Beginning with the line that contains "Arte de uñas" and ending with the last line of the records, write out each line exactly and omit the pictures.

Extracted data entries
******************************
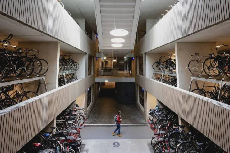 Красные и зеленые огни на колоннах внутри гаража показывают, в каких рядах стоек есть свободные места. Эскалатор расположенный в конце гаража обеспечивает прямой доступ к центральному вокзалу Амстердама.
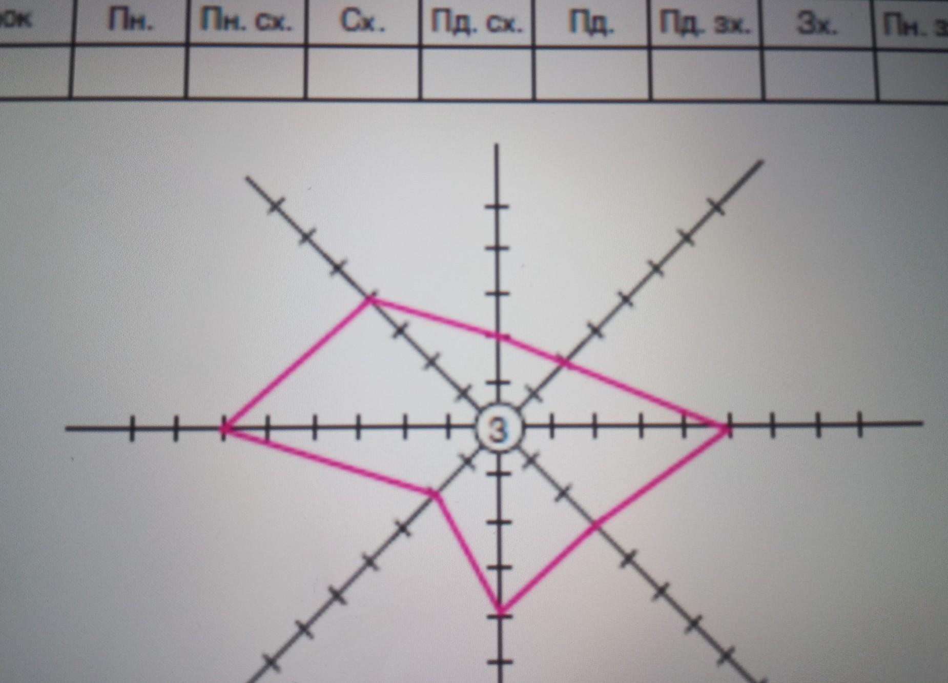північ(2), північний схід(2), схід(5) південий схід(3) південь(4)
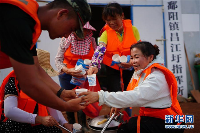 7月11日,在江西省鄱陽縣鄱陽鎮(zhèn)江家?guī)X村,“阿姨團(tuán)”隊長余風(fēng)英(右一)給武警戰(zhàn)士盛綠豆湯。 新華社記者 周密 攝
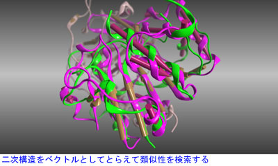 さらに、たん白質モデリングのための類似構造検索では、配列情報をまったく使わない新手法“二次構造モチーフ検索”が導入された。これは、ヘリックスやシートといった二次構造をベクトルとしてとらえて比較するもの。異なるたん白質の二次構造要素(SSE)を網羅的にマッチングさせる方法で、配列の相同性が極端に低くてもヒットすることが特徴。配列の相同性を重視する従来手法では、探索範囲は類縁たん白質を中心とした領域に絞られがちだったが、SSEを用いることにより、遠縁でも類似した構造を持つたん白質を引き当てることができる。
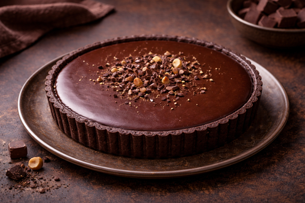フランスの伝統菓子「タルト・オ・ショコラ」。サクサクとしたタルト生地に、なめらかなチョコレートガナッシュを合わせ、シンプルながら完成度の高い一品に仕上げます。
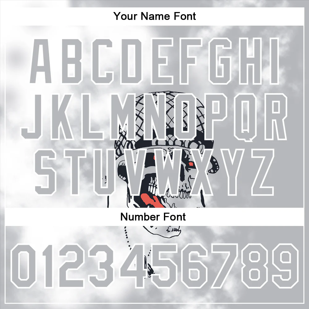 Custom Gray White Skull Fashion 3D Bomber Full-Snap Varsity Letterman Jacket
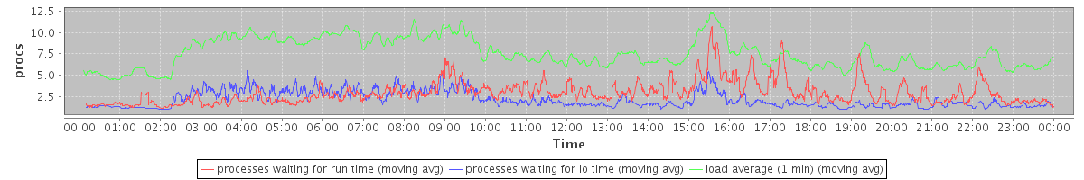 avg(processes waiting for run time) = 2.67 avg(processes waiting for io time) = 1.66 avg(load average (1 min)) = 7.55
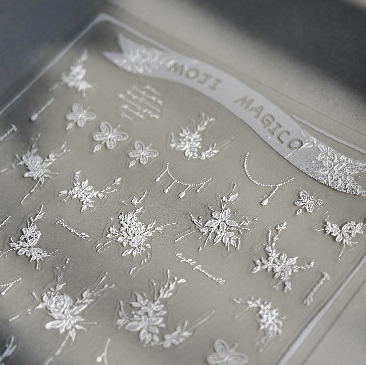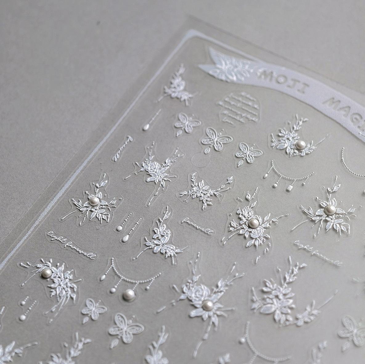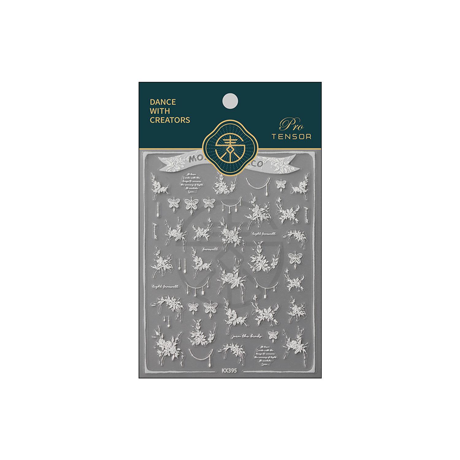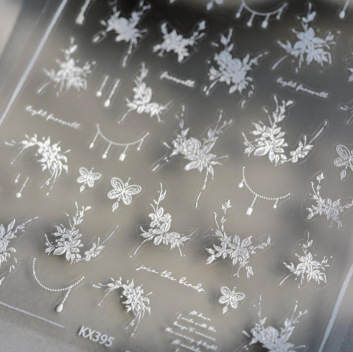 Arte de uñas de flores pintadas a mano de hierro kx395 pegatina con mariposa blanca adhesiva serie exquisita papelería explosiva para niños
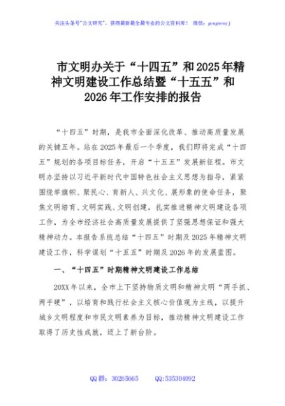 / 市文明办关于“十四五”和2025年精神文明建设工作总结暨“十五五”和2026年工作安排的报告
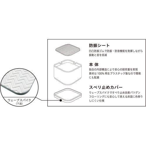 ●1段で約45mm[[の2乗]]段重ねで約90mmかさ上げできます。
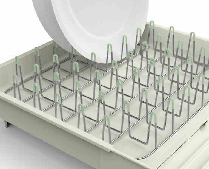 <р> Никелированные стальные стержни покрыты слоем пластика, не царапающего поверхность посуды. Вставку можно снять для облегчения очистки сушильной машины. Сушилка имеет ребра для сушки мисок или чашек, благодаря чему под посудой не остается вода. <р> Контейнер для сушки столовых приборов можно снять и разместить где угодно. <р> Нескользящие ножкиРазмеры: в сложенном виде 36,5 x 32 x 9 см
******************************
EXERCISE OUTPUT ▸
 Arte de uñas de flores pintadas a mano de hierro kx395 pegatina con mariposa blanca adhesiva serie exquisita papelería explosiva para niños
 / 市文明办关于“十四五”和2025年精神文明建设工作总结暨“十五五”和2026年工作安排的报告
 ●1段で約45mm[[の2乗]]段重ねで約90mmかさ上げできます。
 <р> Никелированные стальные стержни покрыты слоем пластика, не царапающего поверхность посуды. Вставку можно снять для облегчения очистки сушильной машины. Сушилка имеет ребра для сушки мисок или чашек, благодаря чему под посудой не остается вода. <р> Контейнер для сушки столовых приборов можно снять и разместить где угодно. <р> Нескользящие ножкиРазмеры: в сложенном виде 36,5 x 32 x 9 см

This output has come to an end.